• _TASK INSTRUCTIONS_:
Word for word, restate each of the entries below, and drop every picture.

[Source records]
****************************************

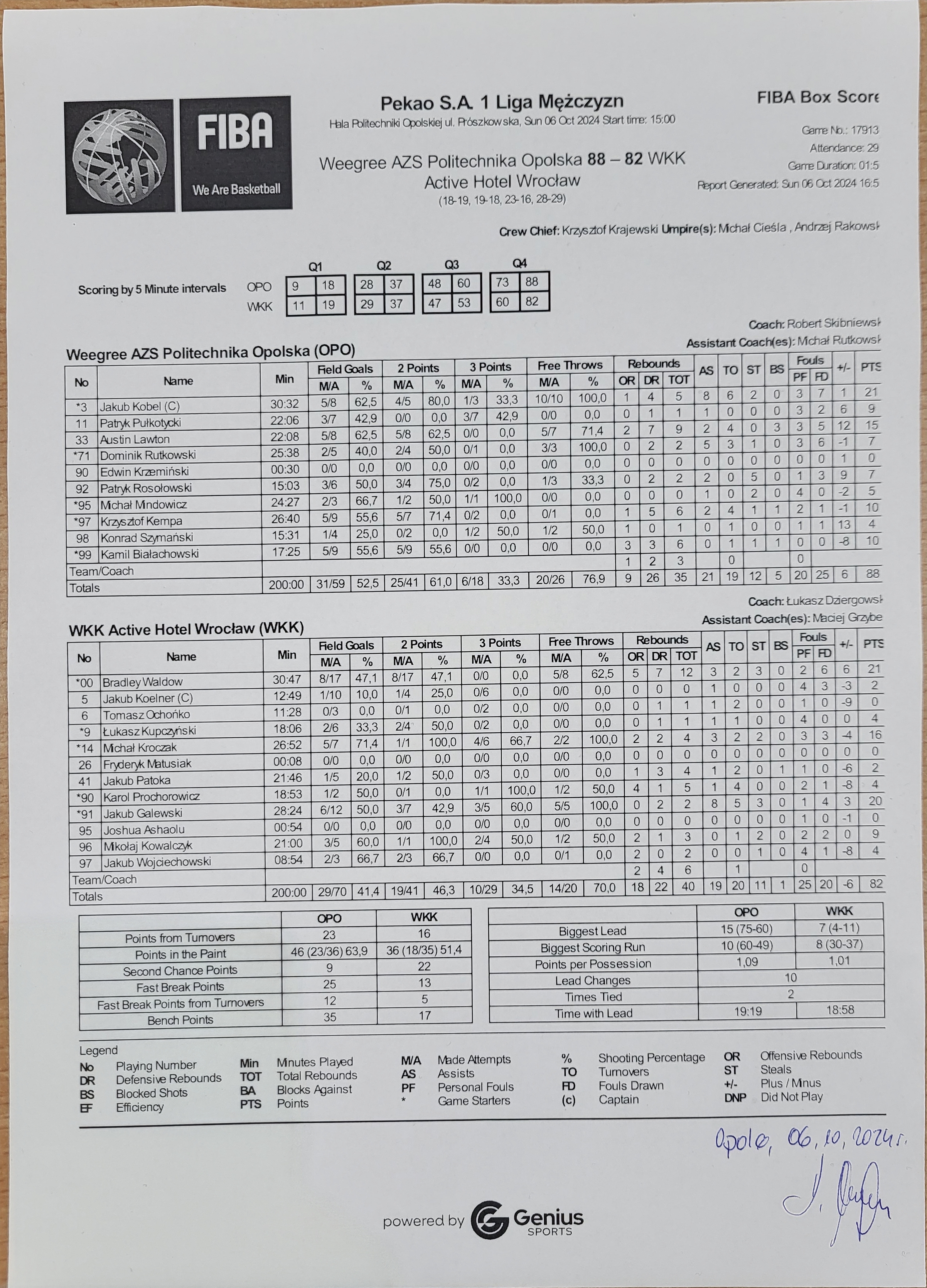 | 4 | 06:27:00 | 10 | 91, J. Galewski, celny rzut wolny 1z2 | |
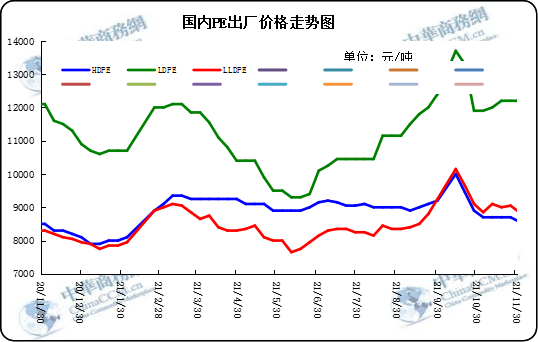 1.2 2021年11月國(guó)內(nèi)PE出廠價(jià)格走勢(shì)圖
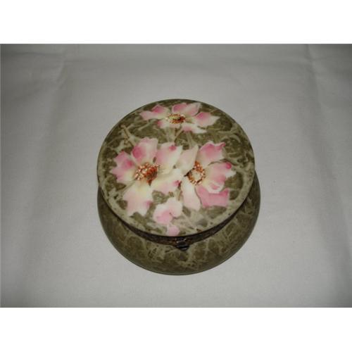 The stunning Kelva dark green moulted background round box has blown out multi-colored pink roses, with bronze, brown and white speckled centers. The silver banding has a beautiful patina. The hinge and clasp are tight and good working condition. The interior is as perfect as the outside. Kelva box measures 2-1/2"h x 4-1/2"w and in excellent condition, considering its age! The box has a Trade Mark Kelva in red stamp on bottom. This Kelva Box is truly a beautiful piece!
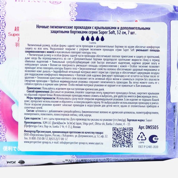 Прокладки Сайюри Супер Софт ночные 7шт
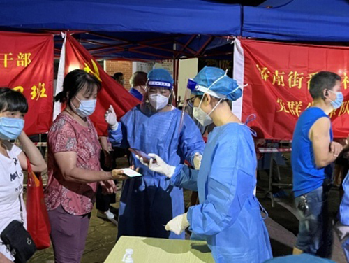 自當(dāng)天16時(shí)收到消息,奧園集團(tuán)黨委、番奧社區(qū)黨委、奧園廣場(chǎng)商圈黨委、奧園集團(tuán)團(tuán)委、奧園慈善基金會(huì)立即聯(lián)合行動(dòng),對(duì)接番禺區(qū)南村鎮(zhèn)黨委、橋南街黨工委了解情況,并迅速在1小時(shí)內(nèi)集結(jié)20多名黨團(tuán)員志愿者快速到崗萬(wàn)博和番奧社區(qū)核酸檢測(cè)點(diǎn)開(kāi)展志愿服務(wù),并為現(xiàn)場(chǎng)工作人員捐贈(zèng)慰問(wèn)品,第一時(shí)間筑起抗疫防疫紅色堡壘。
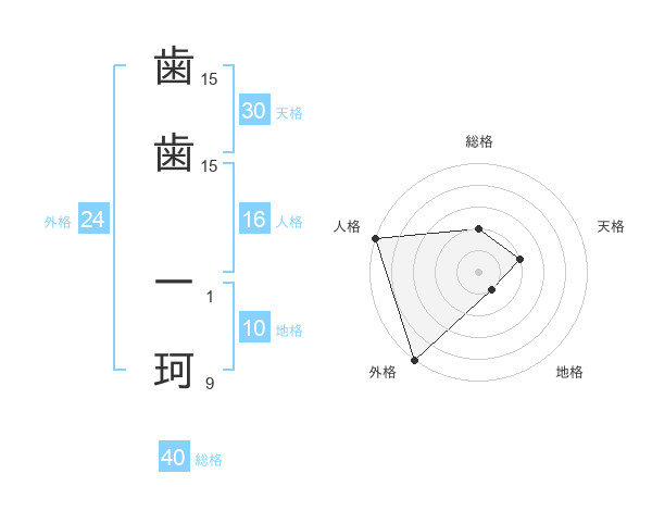 歯歯 一珂さんの外格は24画の5点!
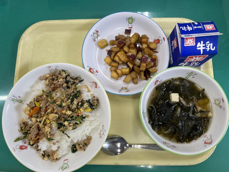 キムタクご飯、中華オムレツ、切り干し大根の中華スープ、タルト、牛乳
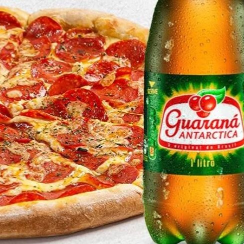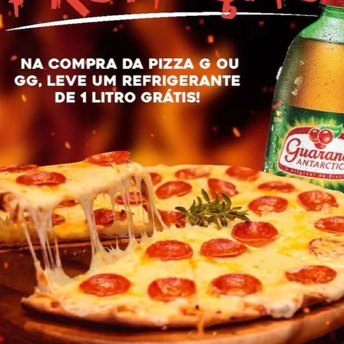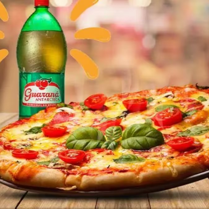 1 Pizza Gigante 8 Fatias + Refrigerante 1l Grátis.
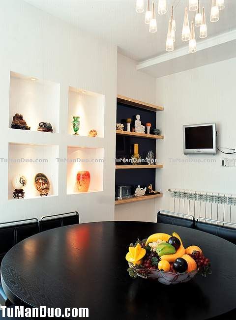 三、客廳或門廳兼餐廳用。在這種格局下,餐區(qū)的位置以鄰接廚房并靠近客廳最為適當(dāng),它可以縮短膳食供應(yīng)和就座進(jìn)餐的走動線路,同時也可避免菜湯、食物弄臟地板。餐廳與客廳之間可采用靈活處理,如用壁式家具作閉合式分隔,用屏風(fēng)、花格作半開放式的分隔,用矮樹或綠色植物作象征性的分隔。這種格局下的餐廳應(yīng)注意要與主要空間即客廳在格調(diào)上保持協(xié)調(diào)統(tǒng)一,并且不妨礙通行。
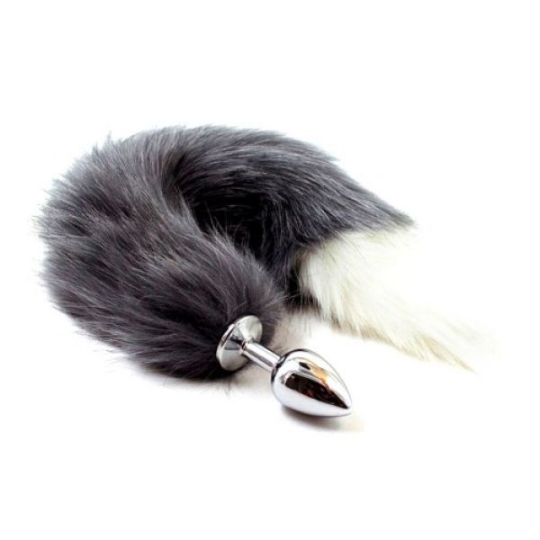 Металлический анальный стимулятор с великолепным серым лисьим хвостиком.
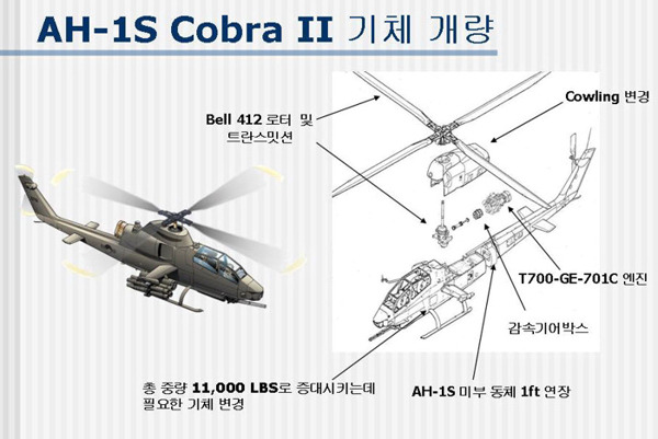 [이런 개량사업은 2020년이면 기체수명이 다하는 한국군의 AH-1F형에 수명연장을 위한 대안중 하나지만 정작 한국군에서는 그다지 큰관심을 보이지 않고 있다. 한국군에서 원하는것은 바로 AH-64 아팟치급의 공격헬기를 새로 도입하려는것인데.. 대당 가격이 웬만한 전투기 한대값을 호가하는 가격이라 쉽지많은 않은게 현실이다.]
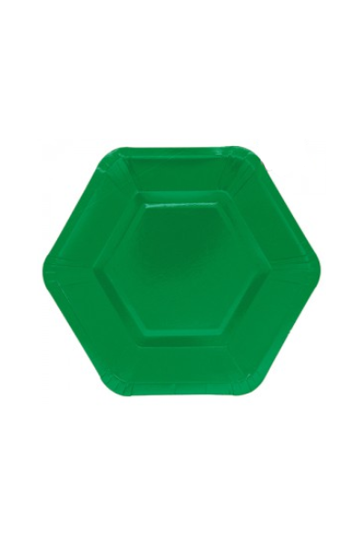 PLATO DE POLIPAPEL HEXAGONAL 17cm VERDE OSCURO x 6 unidades
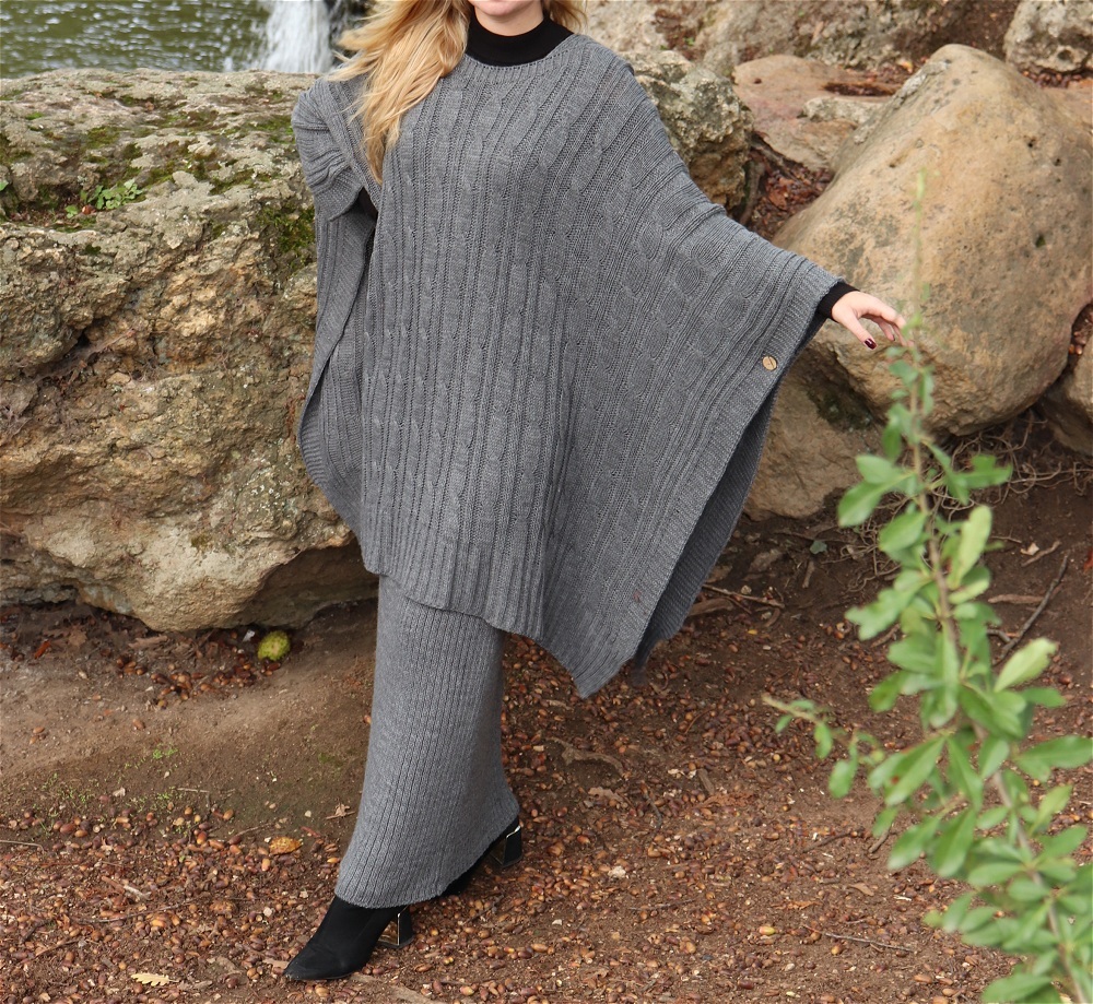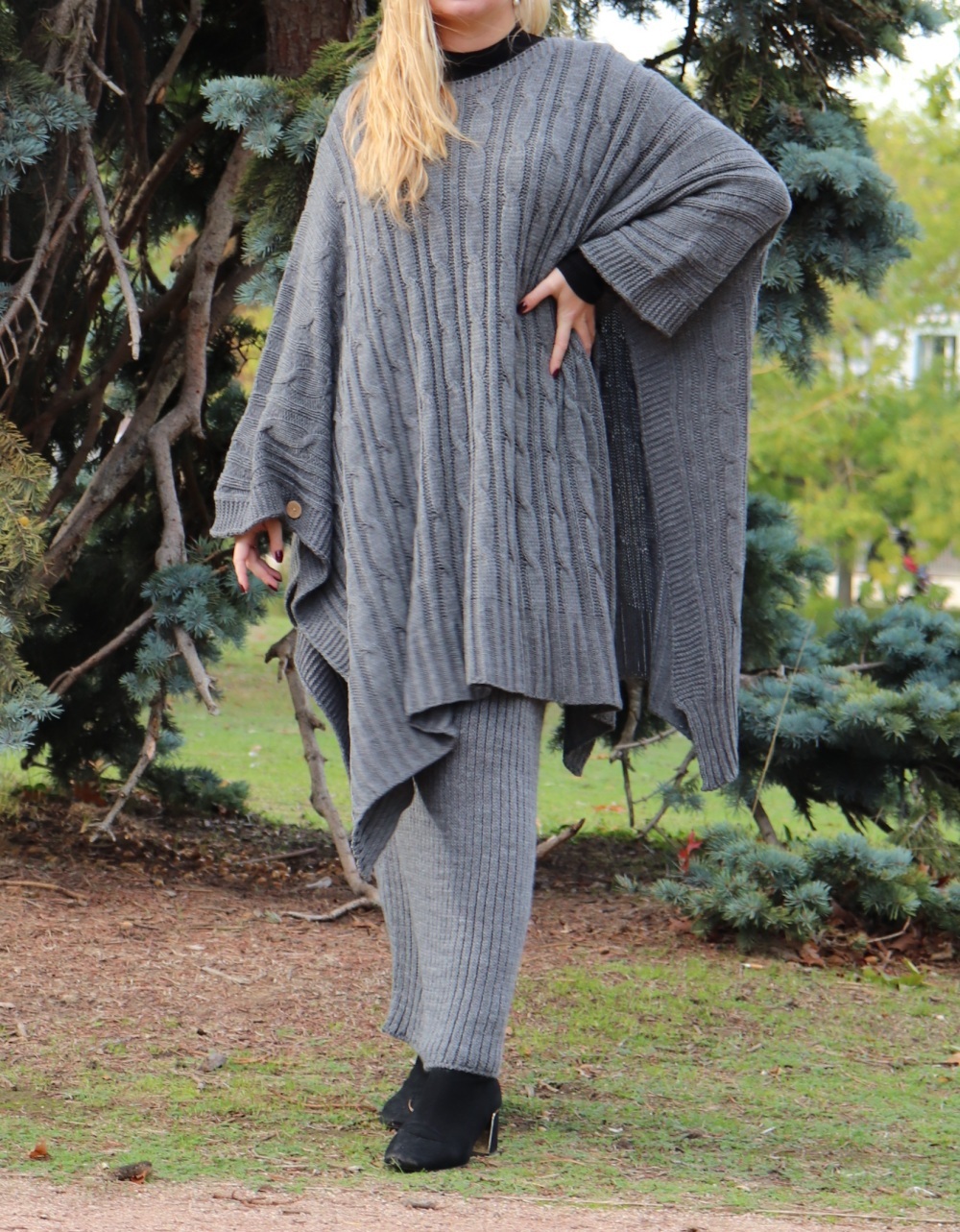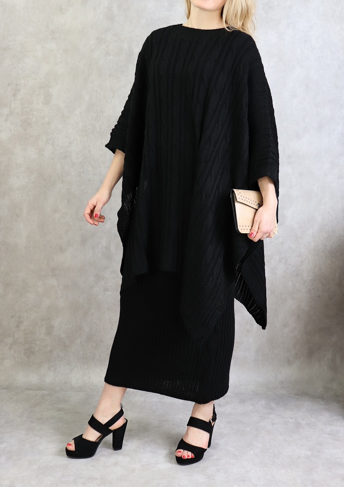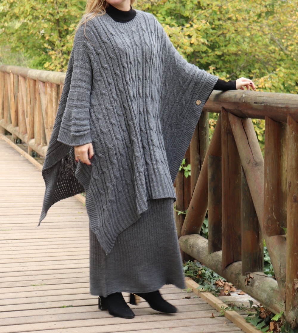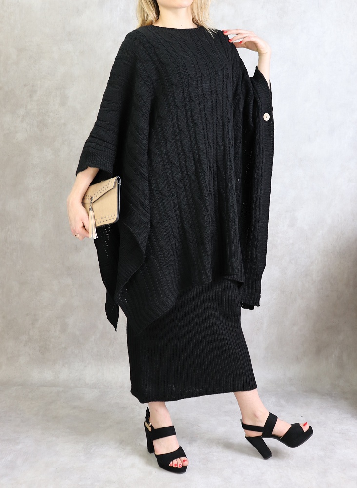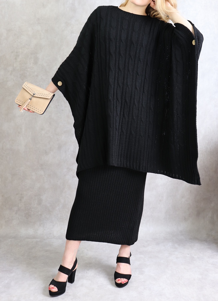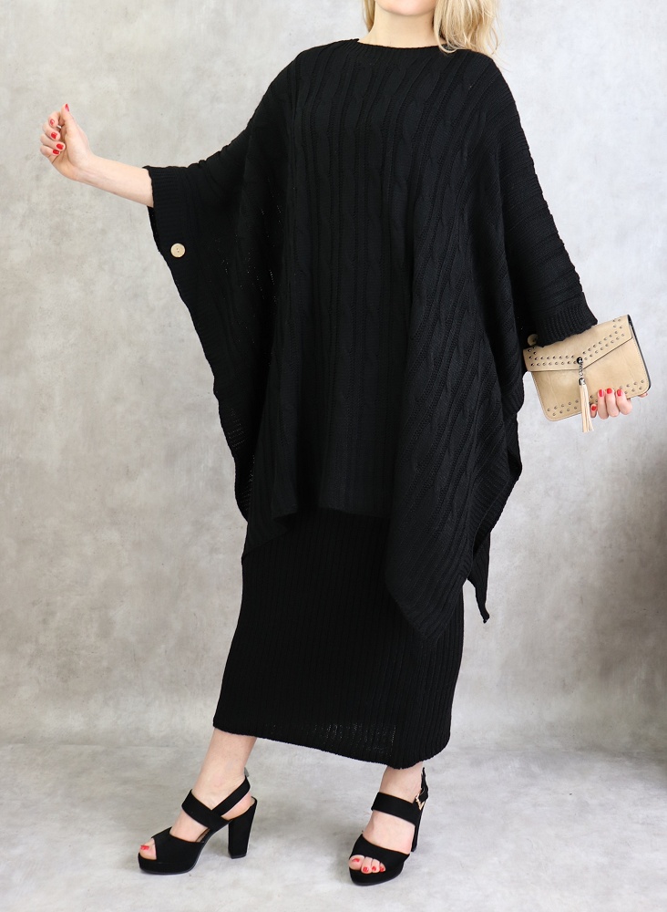 Ensemble robe débardeur, col en V, coupe droite, grosse maille + pull poncho, coupe large, boutons décoratifs au niveau des manches coupées, maille torsadée.

****************************************

• _WRITTEN SOLUTION_:
 | 4 | 06:27:00 | 10 | 91, J. Galewski, celny rzut wolny 1z2 | |
 1.2 2021年11月國(guó)內(nèi)PE出廠價(jià)格走勢(shì)圖
 The stunning Kelva dark green moulted background round box has blown out multi-colored pink roses, with bronze, brown and white speckled centers. The silver banding has a beautiful patina. The hinge and clasp are tight and good working condition. The interior is as perfect as the outside. Kelva box measures 2-1/2"h x 4-1/2"w and in excellent condition, considering its age! The box has a Trade Mark Kelva in red stamp on bottom. This Kelva Box is truly a beautiful piece!
 Прокладки Сайюри Супер Софт ночные 7шт
 自當(dāng)天16時(shí)收到消息,奧園集團(tuán)黨委、番奧社區(qū)黨委、奧園廣場(chǎng)商圈黨委、奧園集團(tuán)團(tuán)委、奧園慈善基金會(huì)立即聯(lián)合行動(dòng),對(duì)接番禺區(qū)南村鎮(zhèn)黨委、橋南街黨工委了解情況,并迅速在1小時(shí)內(nèi)集結(jié)20多名黨團(tuán)員志愿者快速到崗萬(wàn)博和番奧社區(qū)核酸檢測(cè)點(diǎn)開(kāi)展志愿服務(wù),并為現(xiàn)場(chǎng)工作人員捐贈(zèng)慰問(wèn)品,第一時(shí)間筑起抗疫防疫紅色堡壘。
 歯歯 一珂さんの外格は24画の5点!
 キムタクご飯、中華オムレツ、切り干し大根の中華スープ、タルト、牛乳
 1 Pizza Gigante 8 Fatias + Refrigerante 1l Grátis.
 三、客廳或門廳兼餐廳用。在這種格局下,餐區(qū)的位置以鄰接廚房并靠近客廳最為適當(dāng),它可以縮短膳食供應(yīng)和就座進(jìn)餐的走動線路,同時也可避免菜湯、食物弄臟地板。餐廳與客廳之間可采用靈活處理,如用壁式家具作閉合式分隔,用屏風(fēng)、花格作半開放式的分隔,用矮樹或綠色植物作象征性的分隔。這種格局下的餐廳應(yīng)注意要與主要空間即客廳在格調(diào)上保持協(xié)調(diào)統(tǒng)一,并且不妨礙通行。
 Металлический анальный стимулятор с великолепным серым лисьим хвостиком.
 [이런 개량사업은 2020년이면 기체수명이 다하는 한국군의 AH-1F형에 수명연장을 위한 대안중 하나지만 정작 한국군에서는 그다지 큰관심을 보이지 않고 있다. 한국군에서 원하는것은 바로 AH-64 아팟치급의 공격헬기를 새로 도입하려는것인데.. 대당 가격이 웬만한 전투기 한대값을 호가하는 가격이라 쉽지많은 않은게 현실이다.]
 PLATO DE POLIPAPEL HEXAGONAL 17cm VERDE OSCURO x 6 unidades
 Ensemble robe débardeur, col en V, coupe droite, grosse maille + pull poncho, coupe large, boutons décoratifs au niveau des manches coupées, maille torsadée.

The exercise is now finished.